### Why use this resource?

This resource pulls together ideas developed in Mapping a function and Mapping a derivative. The first of those resources investigated the detailed behaviour of linear functions when represented using mapping diagrams, while the second developed the idea that a derivative is a *local scaling*. In this resource, students explore the effect of composing two functions, first linear functions and then more general functions. The warm-up leads to the idea that a composition of scalings is just a scaling, with an easily specifiable scale factor. This then allows for a straightforward visual and conceptual justification of the chain rule.

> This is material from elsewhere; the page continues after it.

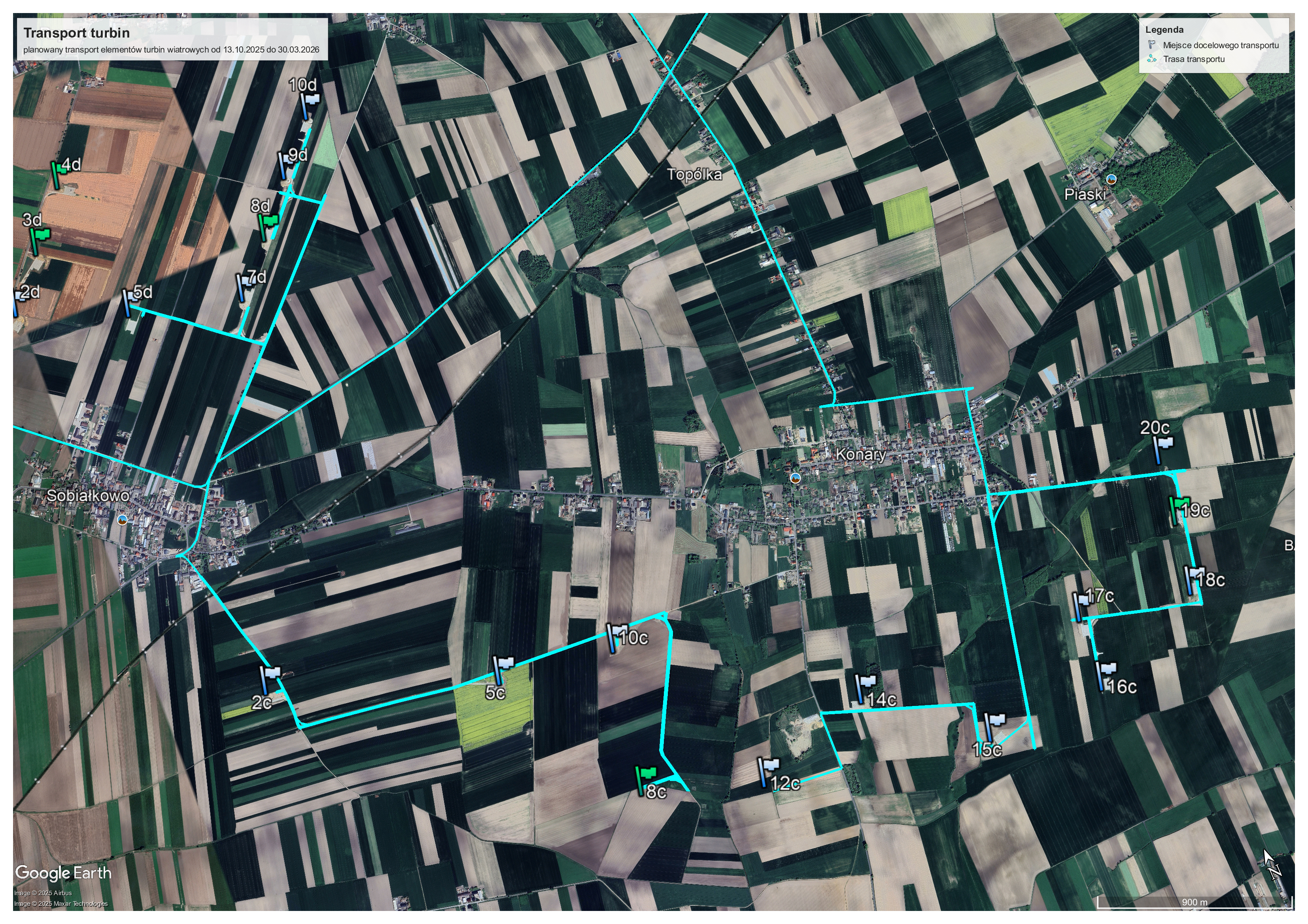 Poniżej udostępniamy mapy z wizualizacjami planowanej trasy transportu turbin.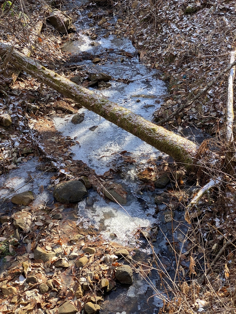 雪はないけど小川は凍ってます

A fuller discussion of the potential power of this approach is discussed in the blog post Percolation, patience and the chain rule.

### Preparation

Students will need to have thought about derivatives as local scalings to gain the most benefit from this resource, as explored in Mapping a derivative.

Students will either need to be able to draw mapping diagrams or use the GeoGebra applet on the website. Blank mapping diagrams can be downloaded and printed in advance.

### Possible approach

The warm-up invites students to think about how they might represent a composition of two linear functions on a mapping diagram. The remainder of the resource assumes a particular approach, but there may be others which work equally well. (It is important that the representation clearly shows \(f\) and \(g\) as well as the composite.) The second question then points towards finding relationships between the functions.

The main problem extends this idea to a composition of any two (differentiable) functions, and students could be asked to predict the behaviour they might expect to see. How can they use mapping diagrams to find the derivative of \(h\) at a specified point? They may need to recall the definition of a derivative obtained from earlier work with mapping diagrams before they can proceed, and the applet in either this resource or Mapping a derivative could be useful for this purpose. As they pull the pieces together, the meaning of the chain rule will hopefully become clear, and the need to identify how a function can be decomposed as a composition before applying the chain rule will make more sense.

### Key questions

How can we differentiate a composition of functions?

Why does this work?

### Possible extension

- What would happen if we had a composition of three functions, \(h(g(f(x)))\)?